Things got even more turbulent in Virginia on Wednesday when Attorney General Mark Herring, a Democrat who is second in line for the governorship, admitted to dressing in blackface when he was in college. Herring put out a statement saying that in 1980, when he was 19, “some friends suggested we attend a party dressed like rappers we listened to at the time, like Kurtis Blow, and perform a song.”
Herring added that, “It sounds ridiculous even now writing it. But because of our ignorance and glib attitudes—and because we did not have an appreciation for the experiences and perspectives of others—we dressed up and put on wigs and brown makeup.” The attorney general said this was a “onetime occurrence” that “clearly shows that, as a young man, I had a callous and inexcusable lack of awareness and insensitivity to the pain my behavior could inflict on others.”
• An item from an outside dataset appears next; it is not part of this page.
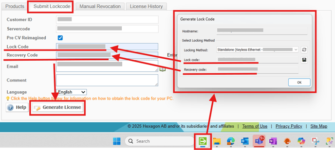 Select the Submit Lockcode tab, Open the Generate Lock Code window, Copy the "Lock Code" and "Recovery Code" from the "Generate Lock Code" window to the "Hexagon Portal - Submit Lockcode" fields. When the details are entered correctly click Generate Licence

Herring’s announcement comes during a very chaotic week in Virginia. On Friday, a racist photograph from Democratic Gov. Ralph Northam’s 1984 medical school yearbook page surfaced that showed a pair of men, with one dressed in a KKK robe and hood and another wearing blackface. Northam initially apologized “for the decision I made to appear as I did in this photo.”
However, Northam reversed himself the next day, denying that either figure was him even as he confessed that he had worn blackface at a dance contest, also in 1984, where he sought to impersonate Michael Jackson. Northam has resisted near-universal calls for his resignation, and the Washington Post reported Tuesday night that he has even considered leaving the Democratic Party and attempting to govern the state as an independent.
Democratic Lt. Gov. Justin Fairfax would become governor if Northam were to resign, but he’s dealing with his own problem. Back in 2017, a woman now identified as Vanessa Tyson told the Washington Post that Fairfax had sexually assaulted her at the 2004 Democratic National Convention, an encounter Fairfax described as consensual. The allegations were not public until a few days ago when they appeared in the conservative site Big League Politics and Fairfax denied them. The Post soon said they had chosen not to run this story after Tyson approached the paper following Fairfax's win in 2017 because it could not corroborate her account, nor could it find "similar complaints of sexual misconduct" against Fairfax.
Fairfax has continued to deny any wrongdoing and so far, Virginia Democrats have adopted a wait-and-see attitude rather than call for his resignation. However, on Wednesday at around the same time the Herring story was breaking, NBC reported that Fairfax had angrily declared, “Fuck that bitch” during a private meeting on Monday regarding his accuser. Fairfax’s chief of staff soon said this report was “[a]bsolutely not true. I was there.”